Changes in bone turnover markers in patients without bone metastases receiving immune checkpoint inhibitors: An exploratory analysis

Francesco Pantano a,1, Flavia Tramontana b,1, Michele Iuliani a,, Giulia Leanza b, Sonia Simonetti a, Alessandra Piccoli b, Annalisa Paviglianiti b,c,d, Alessio Cortellini a, Gian Paolo Spinelli e, Umile Giuseppe Longo f, Rocky Strollo g, Bruno Vincenzi a, Giuseppe Tonini a, Nicola Napoli b,2, Daniele Santini a,e,2
PMCID: PMC9633734  PMID: 36338920

Highlights

  • Immune checkpoint inhibitors (ICIs) are correlated with immune-related adverse events (irAEs) that may potentially affect all host tissues.

  • The effects of ICIs on the skeleton are poorly investigated, thus we evaluated the changes of specific markers of bone resorption and formation.

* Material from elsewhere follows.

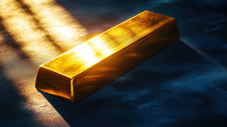 A stunning gold bar rests on a surface, capturing warm light and creating dramatic shadows. This close-up image showcases the richness and elegance of luxury.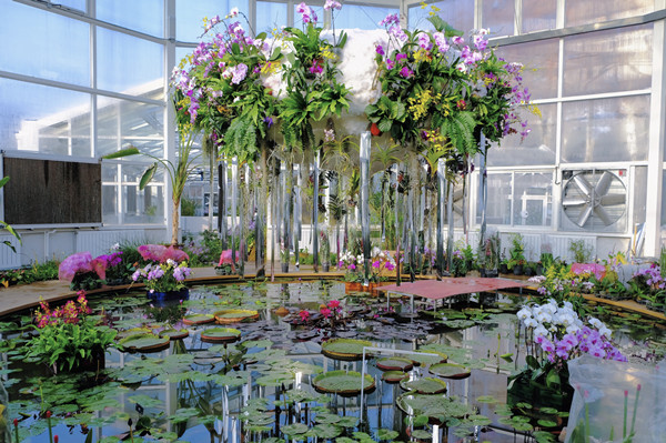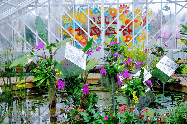 作为今年的新增展区,武汉植物园水生温室模拟了高山沼泽、飞瀑激流、近岸海床等多种生态环境,展示着全球300余种热带及特殊生境下的水生植物,营造出既生机勃勃又宁静舒适的自然景观。借助这一得天独厚的自然环境,展览以兰花为主花材,融合现代科技与自然元素,大量运用镜面纸、镜面贴、不锈钢等镜面材料来映射兰花的梦幻与炫彩,通过“兰动万象”、“流光溢彩”多个景点打造“水中花”、“镜中花”、“幻中花”,展示兰花的多样之美。

  • We found an increase of type I collagen C-terminal telopeptide (CTX-I) levels after 3 months of ICIs treatment with a concomitant reduction of N-terminal propeptide of type I procollagen (PINP) levels with a trend toward statistical significance.

  • CTX-I increase was also associated with poor prognosis in terms of treatment response and survival.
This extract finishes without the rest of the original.